You should look at lifecycles of both, how they perform and in what order each method gets called. Looking at react lifecycle image bellow you can see the difference between componentWillMount
and componentDidMount
and others like componentDidUpdate
, componentWillUpdate
and so on...
Also you should reason when to use each method
To update state you call this.setState()
which tells react that something has changed and it will re-render component tree. If you use this.state.data = something
react won't trigger render(). Now to update props, you need to understand how render() actually works. This answer is summarized from existing anwser already:
Every time render() is called react will create a new virtual DOM
where the root node is the component whose render function is called.

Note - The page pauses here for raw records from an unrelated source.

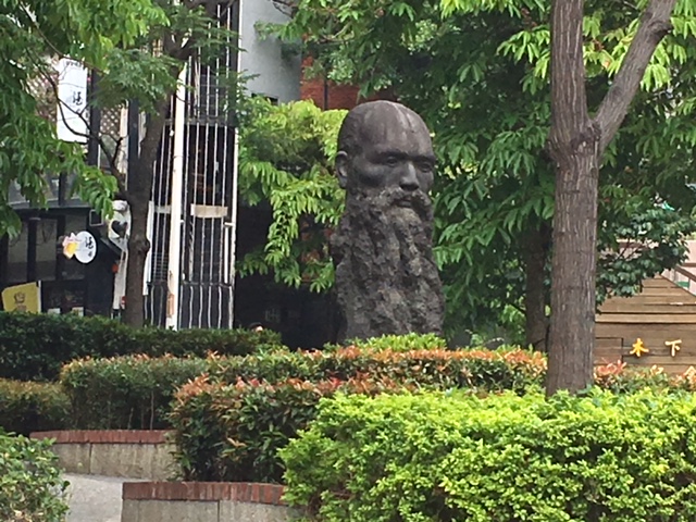 紅毛城から色々な洋館に立ち寄り、坂を降って淡水のメインストリートの中正路に出ました。MRT淡水駅の方向へ歩いて行くと、小さな公園のような場所があり、そこにこの馬偕博士の像がありました。面白い形をした像で、とても興味深かったです。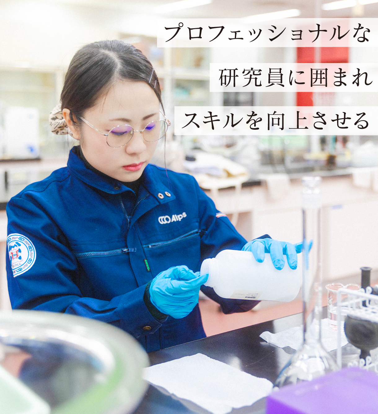 現在のお仕事を選択されたきっかけは? - 研究開発業務に学士卒であっても、携われる仕事を探しているときに見つけました。プロフェッショナルな人々に囲まれ、スキルを向上させつつ、興味深い研究に携わることが出来ると考えこの仕事を選びました。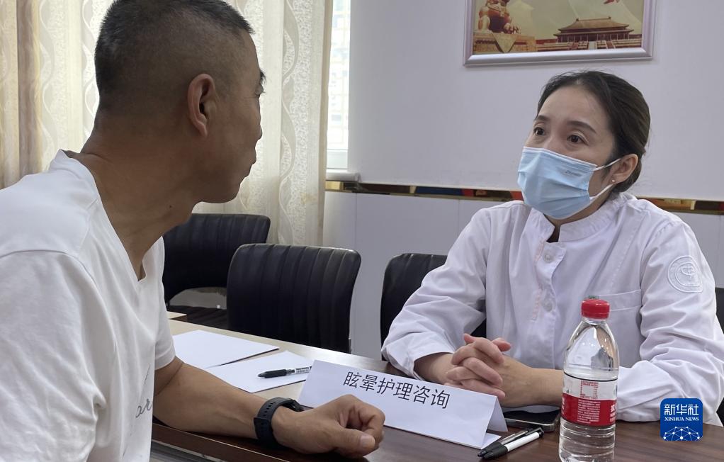 9月17日,北京友誼醫院耳鼻咽喉頭頸外科中心的護士長(cháng)苑黎娜(右)與患者交流。

The render() function is called when either the state or the props of
a component or any of its children change. The render() function
destroys all of the old virtual DOM nodes starting from the root and
creates a brand new virtual DOM.
In order to make sure the re-rendering of components is smooth and
efficient React uses the Diffing Algorithm to reduce the time it takes
to create a new tree to a time complexity of O(n), usually time
complexity for copying trees is > O(n^2). The way it accomplishes this
is by using the "key" attribute on each of the elements in the DOM.
React knows that instead of creating each element from scratch it can
check the "key" attribute on each node in the DOM. This is why you get
a warning if you don't set the "key" attribute of each element, React
uses the keys to vastly increase its rendering speed.